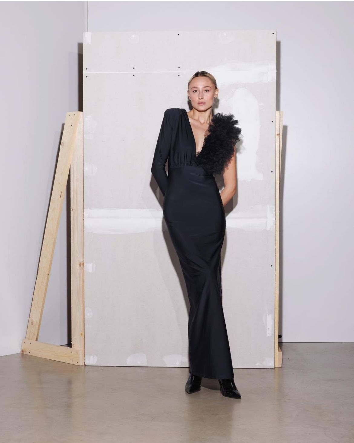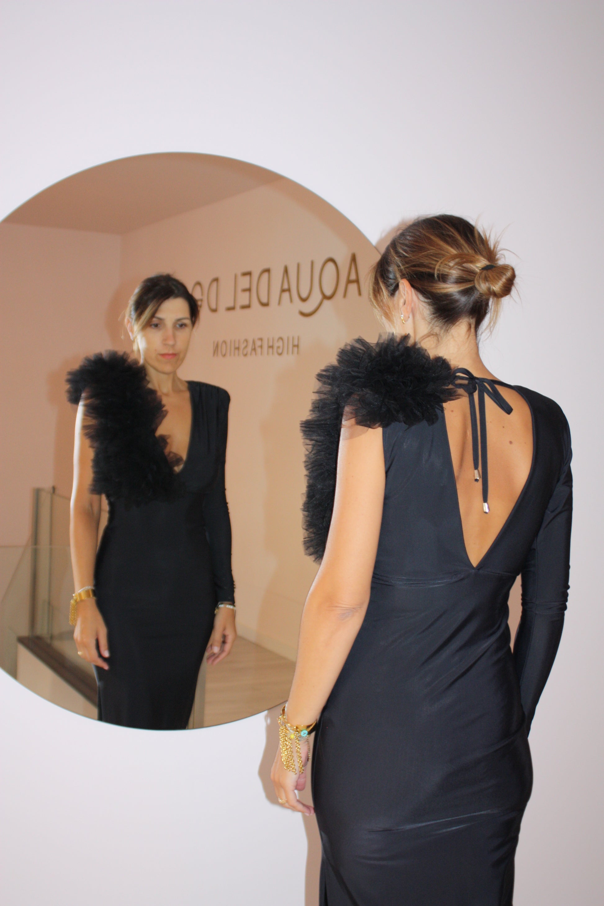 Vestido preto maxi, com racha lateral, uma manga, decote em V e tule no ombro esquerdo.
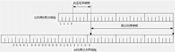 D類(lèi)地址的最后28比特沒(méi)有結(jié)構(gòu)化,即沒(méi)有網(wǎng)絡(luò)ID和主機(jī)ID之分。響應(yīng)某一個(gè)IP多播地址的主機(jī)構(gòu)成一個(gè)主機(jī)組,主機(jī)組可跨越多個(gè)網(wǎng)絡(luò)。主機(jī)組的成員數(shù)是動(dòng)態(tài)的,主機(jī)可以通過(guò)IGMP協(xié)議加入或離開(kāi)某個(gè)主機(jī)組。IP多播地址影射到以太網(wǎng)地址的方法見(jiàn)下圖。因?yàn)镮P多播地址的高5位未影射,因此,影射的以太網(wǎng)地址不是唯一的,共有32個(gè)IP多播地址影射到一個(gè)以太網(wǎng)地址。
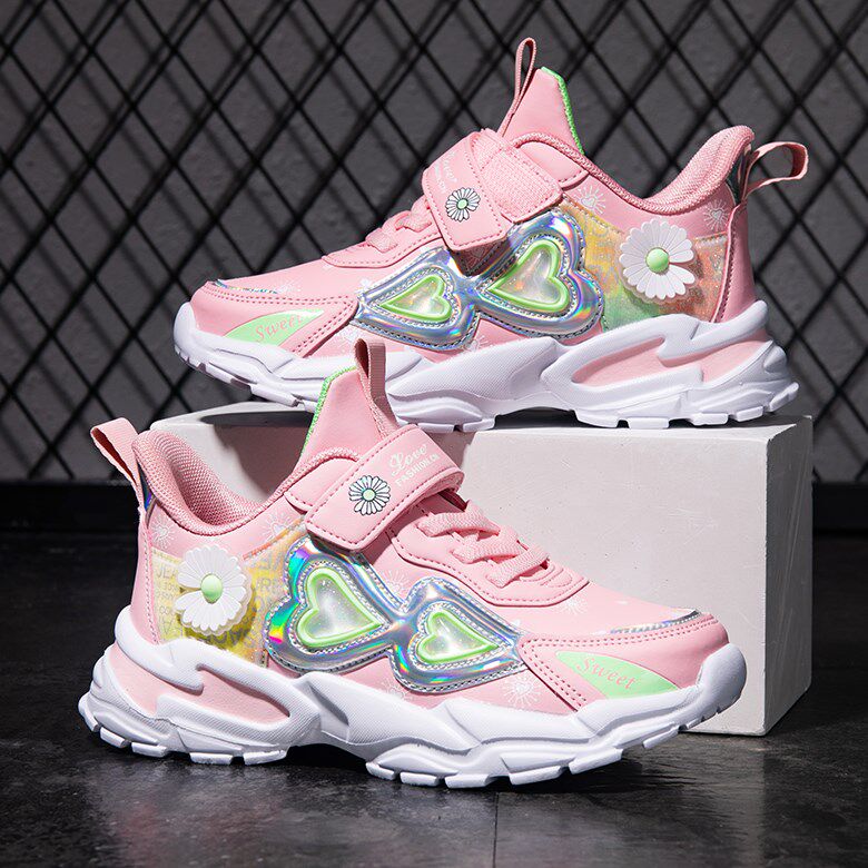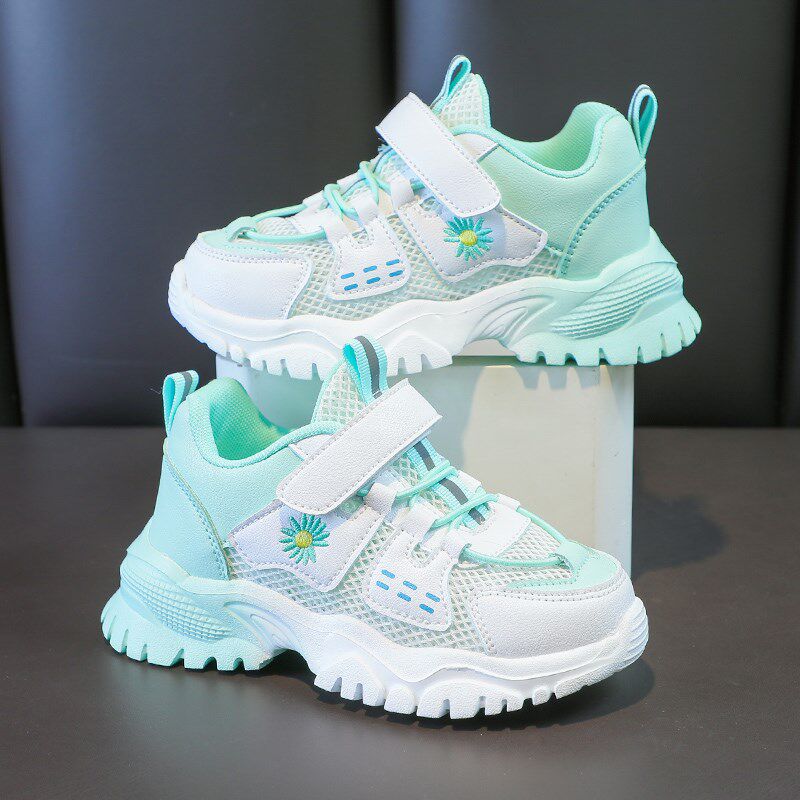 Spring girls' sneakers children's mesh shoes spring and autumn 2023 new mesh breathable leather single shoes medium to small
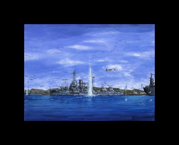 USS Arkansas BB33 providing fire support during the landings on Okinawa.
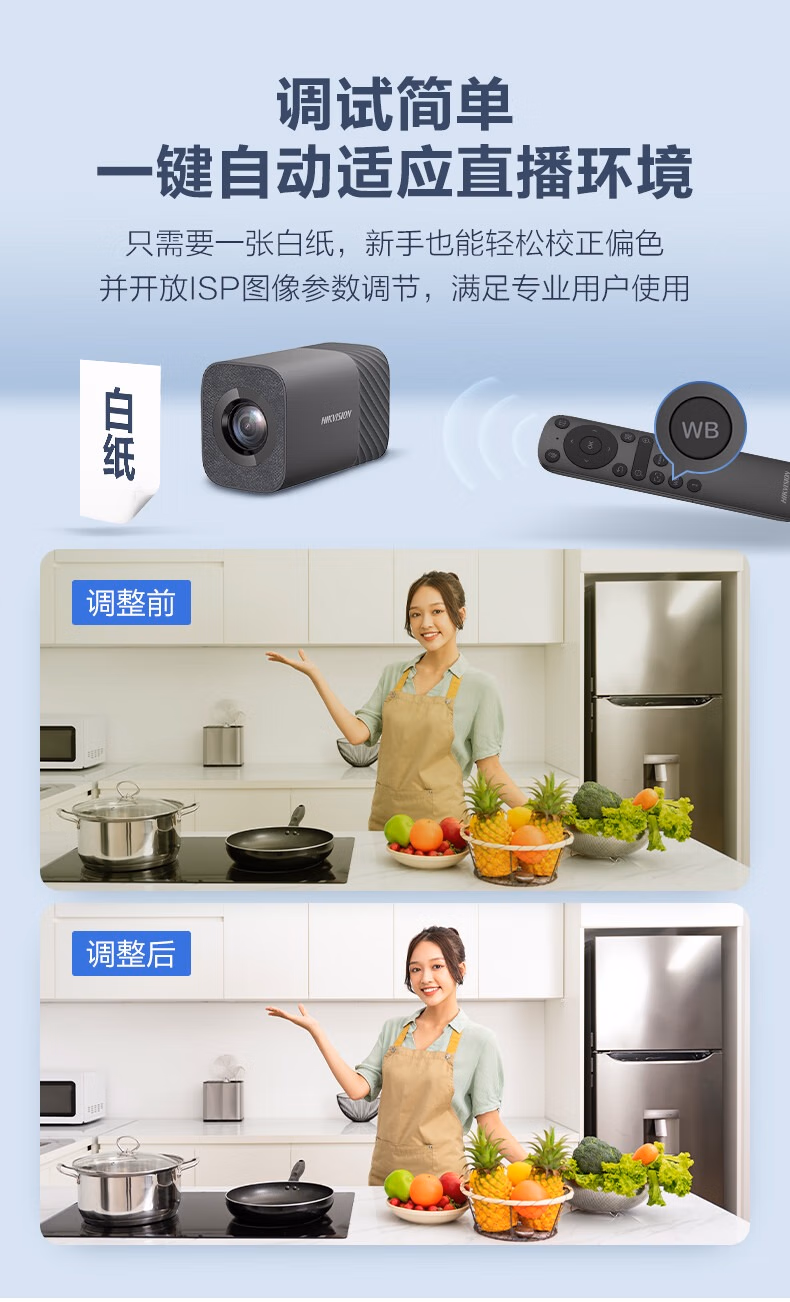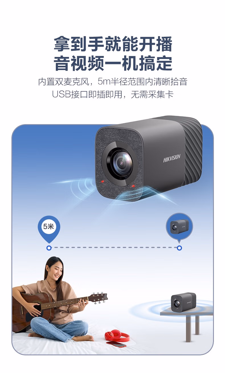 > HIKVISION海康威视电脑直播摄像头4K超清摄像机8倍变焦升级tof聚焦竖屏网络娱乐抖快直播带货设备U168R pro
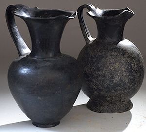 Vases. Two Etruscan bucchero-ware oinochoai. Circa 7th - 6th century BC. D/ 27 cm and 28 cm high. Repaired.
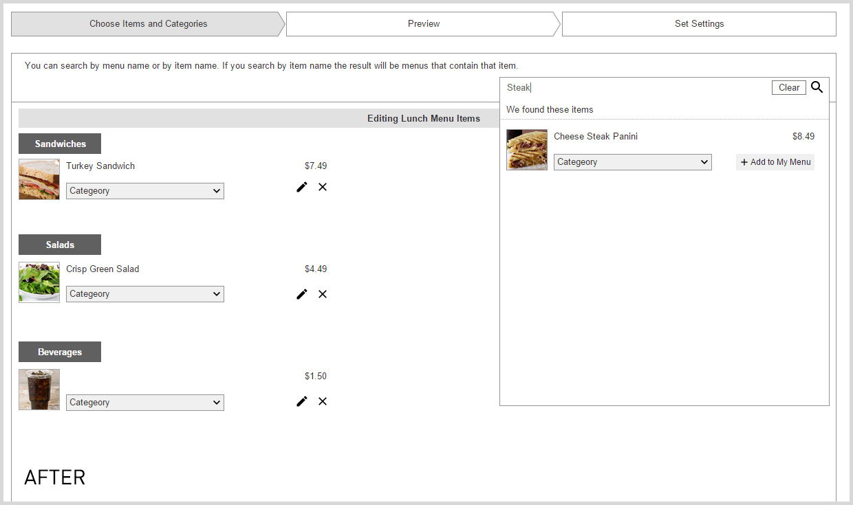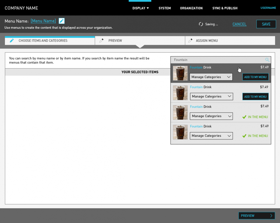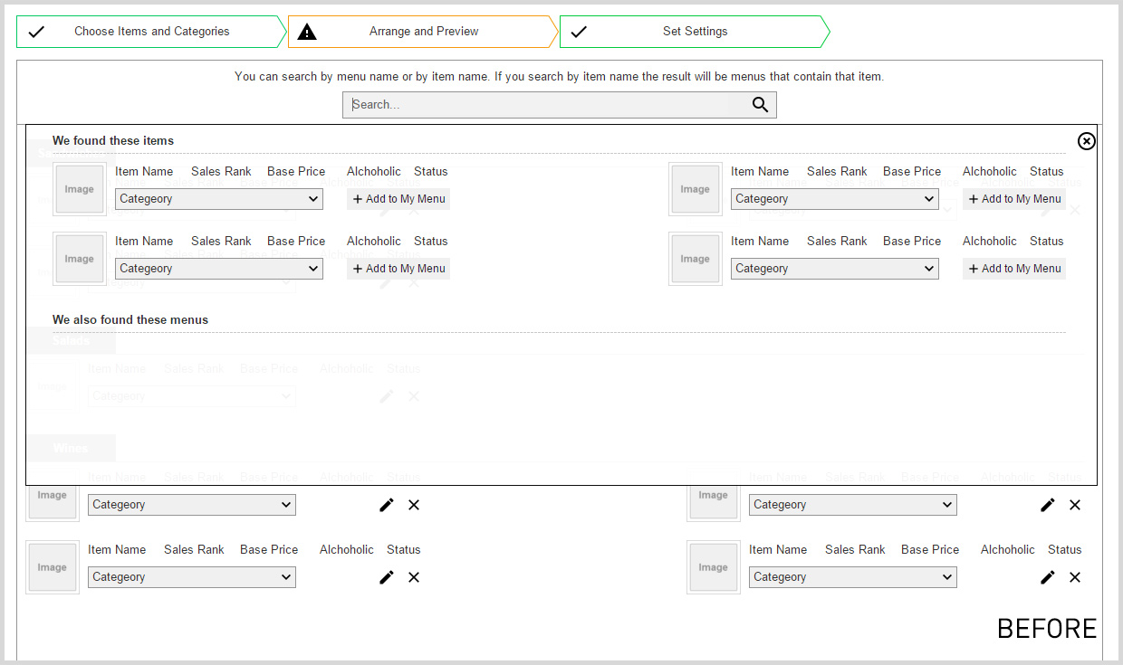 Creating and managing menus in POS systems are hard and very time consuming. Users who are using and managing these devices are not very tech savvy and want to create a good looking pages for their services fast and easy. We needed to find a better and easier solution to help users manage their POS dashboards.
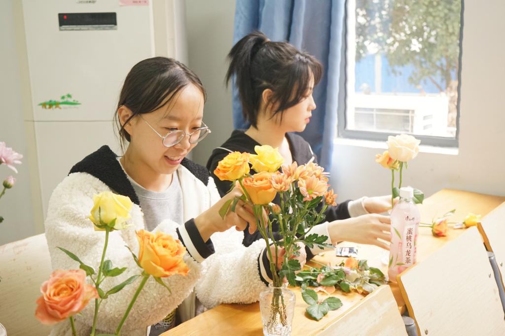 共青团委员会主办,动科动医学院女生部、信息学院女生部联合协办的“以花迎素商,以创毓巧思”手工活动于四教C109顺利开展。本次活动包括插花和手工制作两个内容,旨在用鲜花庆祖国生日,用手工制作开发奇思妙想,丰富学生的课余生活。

◆ ◆ ◆ ◆ ◆

Copy the lines above exactly, starting with the line that contains "USS Arkansas BB33" and ending with the line that contains "Vases. Two Etruscan", and leave out any pictures.

■ EXERCISE RESPONSE:
 USS Arkansas BB33 providing fire support during the landings on Okinawa.
 > HIKVISION海康威视电脑直播摄像头4K超清摄像机8倍变焦升级tof聚焦竖屏网络娱乐抖快直播带货设备U168R pro
 Vases. Two Etruscan bucchero-ware oinochoai. Circa 7th - 6th century BC. D/ 27 cm and 28 cm high. Repaired.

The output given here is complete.